Gene Murphy

Biographical details
- Born: August 6, 1939 New Brunswick, New Jersey, U.S.
- Died: October 29, 2011 (aged 72) Los Angeles, California, U.S.

Playing career
- 1960–1962: North Dakota
- Position: Quarterback

Coaching career (HC unless noted)
- 1963–1977: North Dakota (assistant)
- 1978–1979: North Dakota
- 1980–1992: Cal State Fullerton
- 1993–2007: Fullerton

Head coaching record
- Overall: 74–96–1 (college) 80–75–2 (junior college)
- Bowls: 0–1 (college) 4–2 (junior college)
- Tournaments: 0–1 (NCAA D-II playoffs) 2–1 (CCCAA playoffs)

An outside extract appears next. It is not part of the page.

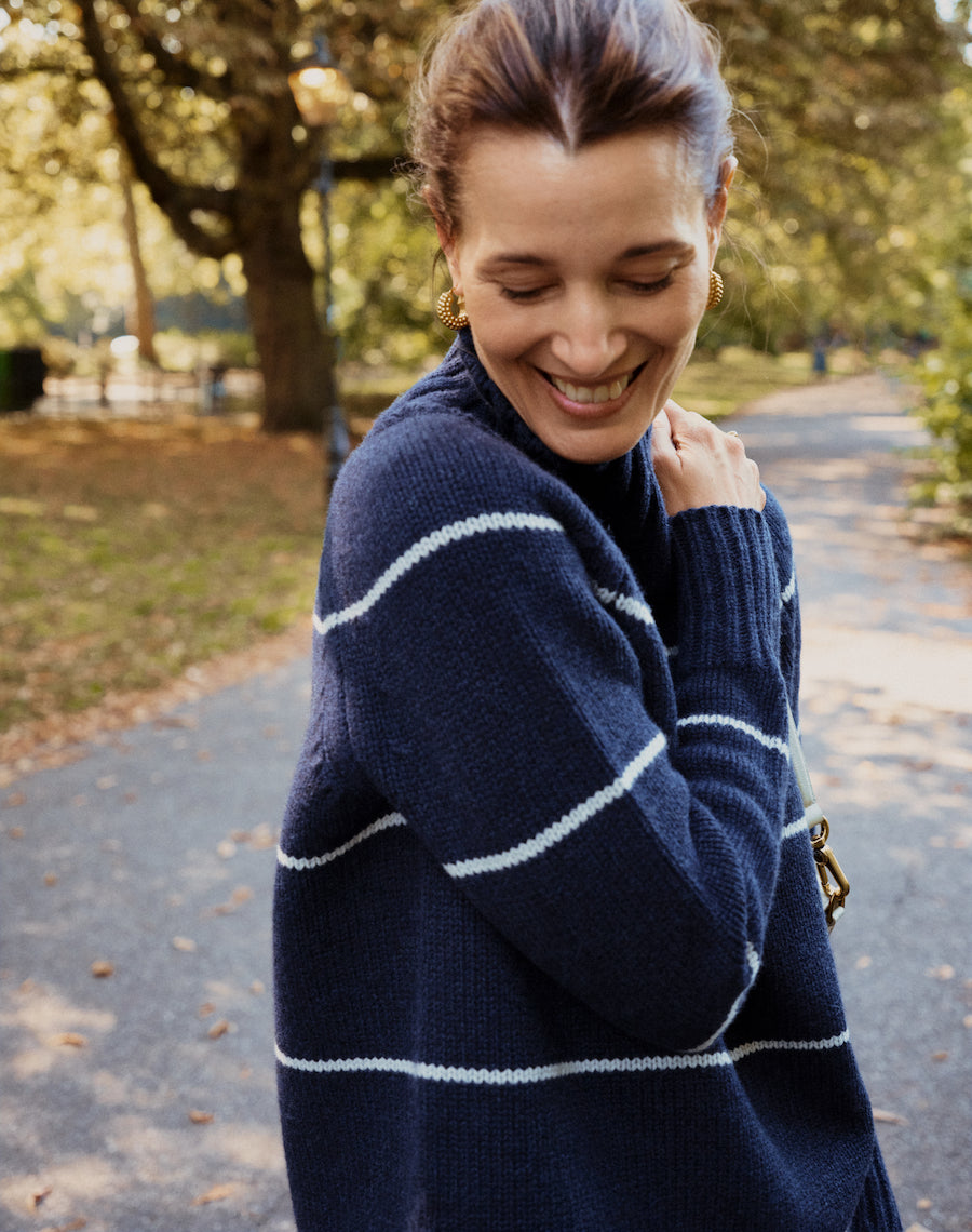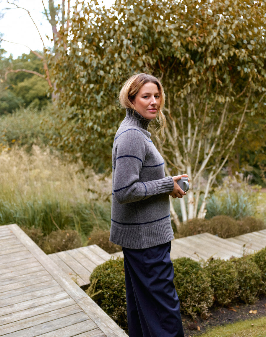 A funnel neck that can be up or rolled down (and inwards) for a more crew-like effect. The tactile softness of the Scottish-spun wool.

Accomplishments and honors

Championships
- 1 NCC (1979) 1 PCAA (1983) 1 Mission Conference (2003) 1 Mission Conference National Division (2003)

= Gene Murphy (American football, born 1939) =

American football player and coach (1939–2011)

Eugene Vincent Murphy (August 6, 1939 – October 29, 2011) was an American football player and coach. He served as the head football coach at the University of North Dakota from 1978 to 1979 and at California State University, Fullerton from 1980 to 1992, compiling a career college football coaching record 74–96–1.

==Early years==
Born and raised in New Brunswick, New Jersey, Murphy's father was a football coach. He was an all-state quarterback and shortstop in high school. He initially attended the University of Minnesota, then transferred to the University of North Dakota in Grand Forks, and played college football as a quarterback for the UND Fighting Sioux from 1960 to 1962.

==Coaching==
Murphy then moved into an assistant coaching position with the team, where he remained until 1977. Murphy later was the UND head coach in 1978 to 1979. The team went 15–7 in his two seasons, winning the North Central Conference and advancing to the Division II playoffs in 1979. He was succeeded at North Dakota by one of his assistants, Pat Behrns.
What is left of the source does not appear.